Further on he saw that shutters were closed; and as he reached the harbour there, lying off some distance was Glyddyr’s yacht, with a flag up, half-mast high, while, as soon as he came in sight of the Fort—Gartram’s pride—in place of the bright glistening windows, every opening had a dull dead look, and appeared to be staring at him blankly. There was no doubt now—every blind was drawn down.
Chris uttered a groan.
“My poor darling, it will break her heart! Poor old fellow! Cut off like that.”
Resentment, bitterness, died out in this great sorrow; and Chris could only see now the fine-looking, masterful, elderly man, who had always been his friend, till ambition had led him astray, and he had discarded the suitor who had grown up to love his child.
It seems too horrible! One of these terrible fits.
He was on his way up to ask to see Claude, and try to administer some consolation, but he paused. It would be an outrage to go now. It would be indecent to force his way there in disobedience to the wishes of the man who was lying blank and cold—blank and cold as the edifice he had so proudly reared with the money he had fought for so long.
“No,” thought Chris. “I must go back and write.”
In the manly frankness of his disposition, up to that moment, no thought of obstacle removed, or the future that lay before him, had come across his brain, till just then he caught sight of the gardener coming quickly along the town street, when, like a flash, came back to him the scene of the past night, and his discovery. Then, with the incongruity of human nature, there came a feeling of satisfaction in the thought that Gartram could never now sting him with contemptuous allusions to his wretched escapade, and that now he need not fear this man.
Momentary thoughts, which he chased away with a feeling of indignation against himself as he stopped the gardener.
“Is it—true?”
“Yes, sir. It’s true enough. He was a hard master, one as come down upon you awful if he see a weed; but I’d give that there right hand to have him alive and well before me now.”

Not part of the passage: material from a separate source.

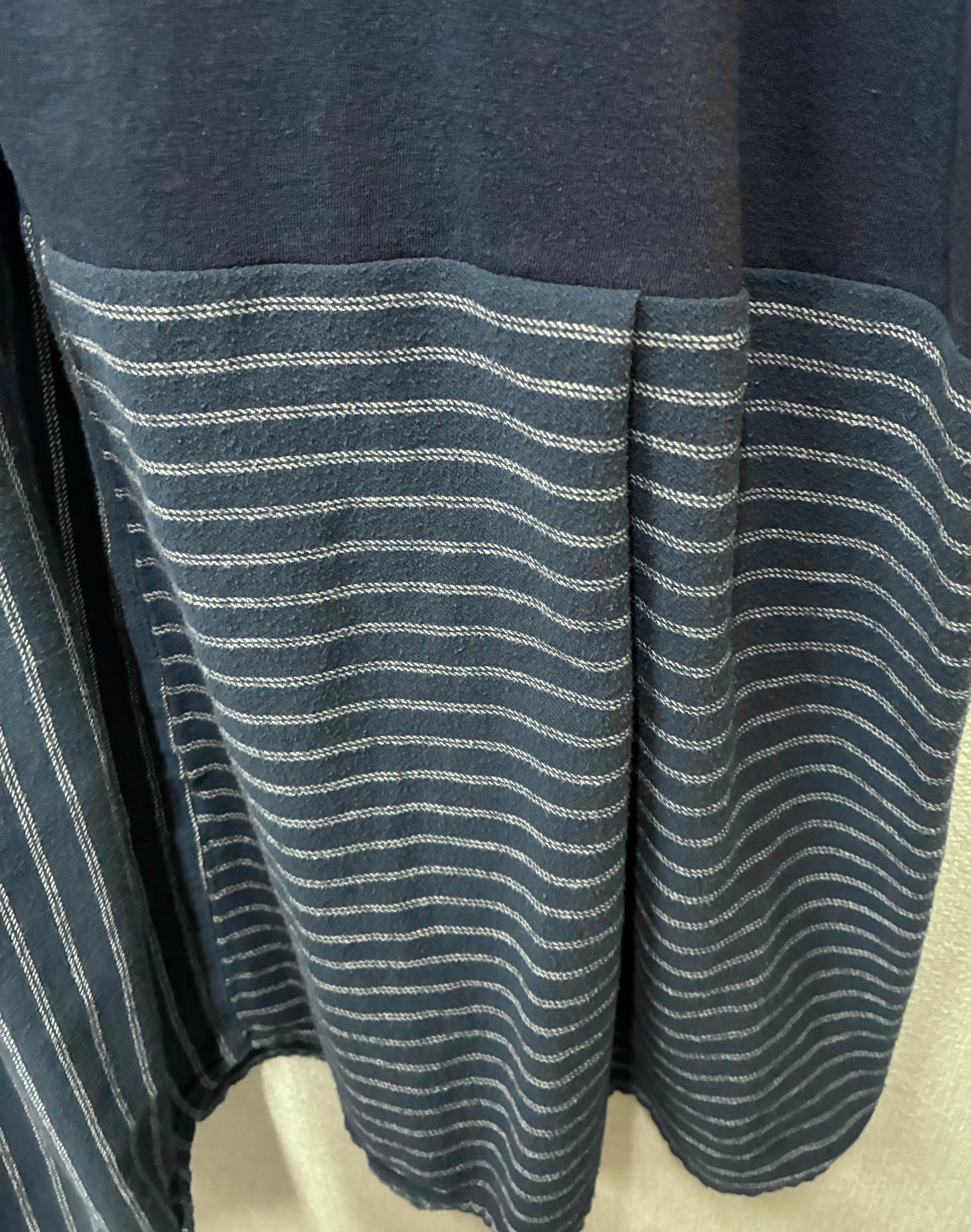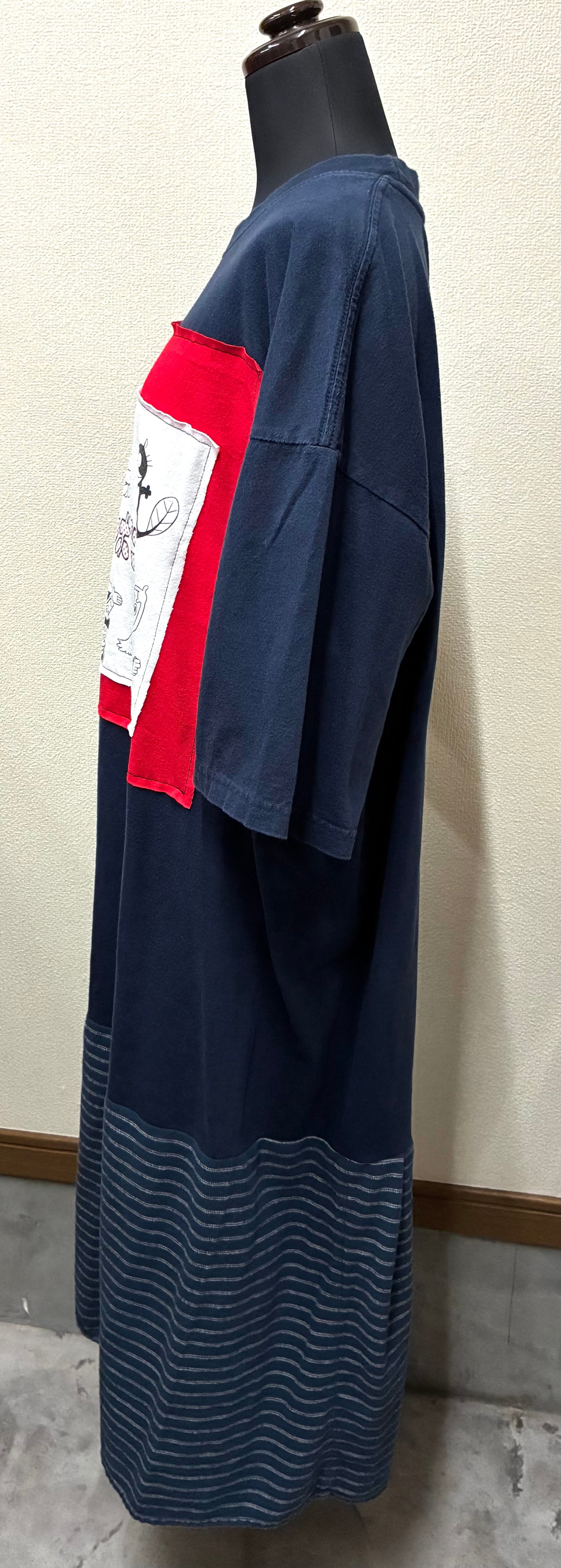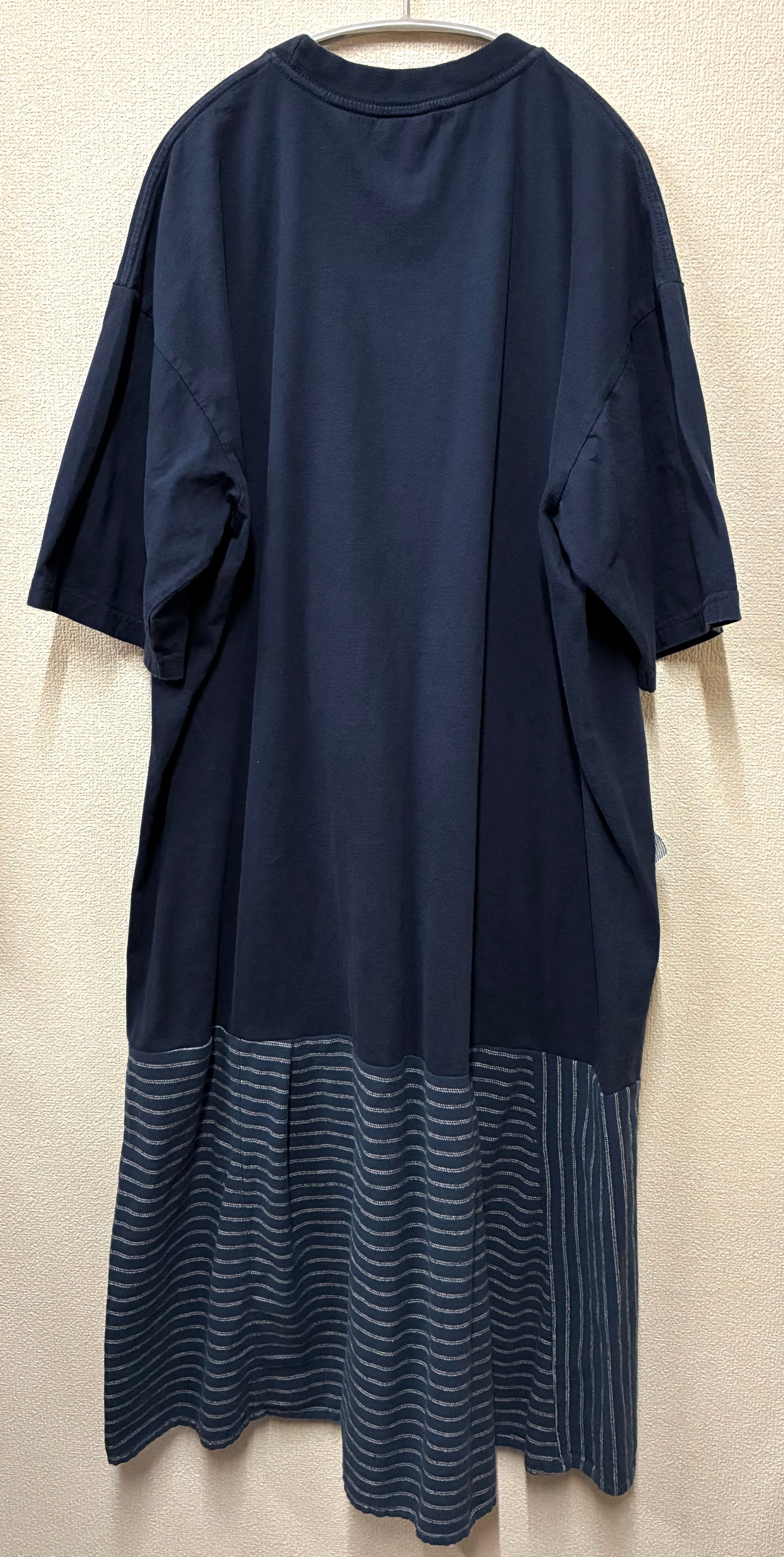 ネイビービッグTシャツにかわいいやつを縫いつけ、しましまスカートを合わせています♬

Chris bowed his head and walked slowly back, to start aside and gaze fiercely in the eyes of the man whom he encountered a few yards farther on, for, as he was approaching the post-office, Glyddyr came out suddenly with a telegraph form in his hand.
The two young men paused as if arrested by some power over which they had no control, and as they stood gazing at each other, Chris, waiting for Glyddyr to speak, a crowd of thoughts flashed through his brain.
Claude—alone—her own mistress, what of your triumph now!
Very different were Glyddyr’s thoughts. Claude was somehow mixed up with them, but he read in his rival’s eye distrust, suspicion, and a hidden knowledge of his latest acts; and they passed on rapidly through his mind, till he saw Chris Lisle denouncing him as a murderer and about to seize him then.
Neither spoke, and after the long, intense gaze of eye into eye had lasted some moments, each went his way, one back to his yacht to try and make up his mind whether he ought to call at once, the other home to sit down and write to Claude, and tell her that he was always hers, and that in this, her terrible hour of affliction, he was longing to try and share her pain.
“And if I said that,” thought Chris, as he slowly tore up the letter, “she would think it an insult, and that I am triumphing over the dead.”
So Chris’s letter, full of the tender love he felt, never reached Claude’s hand.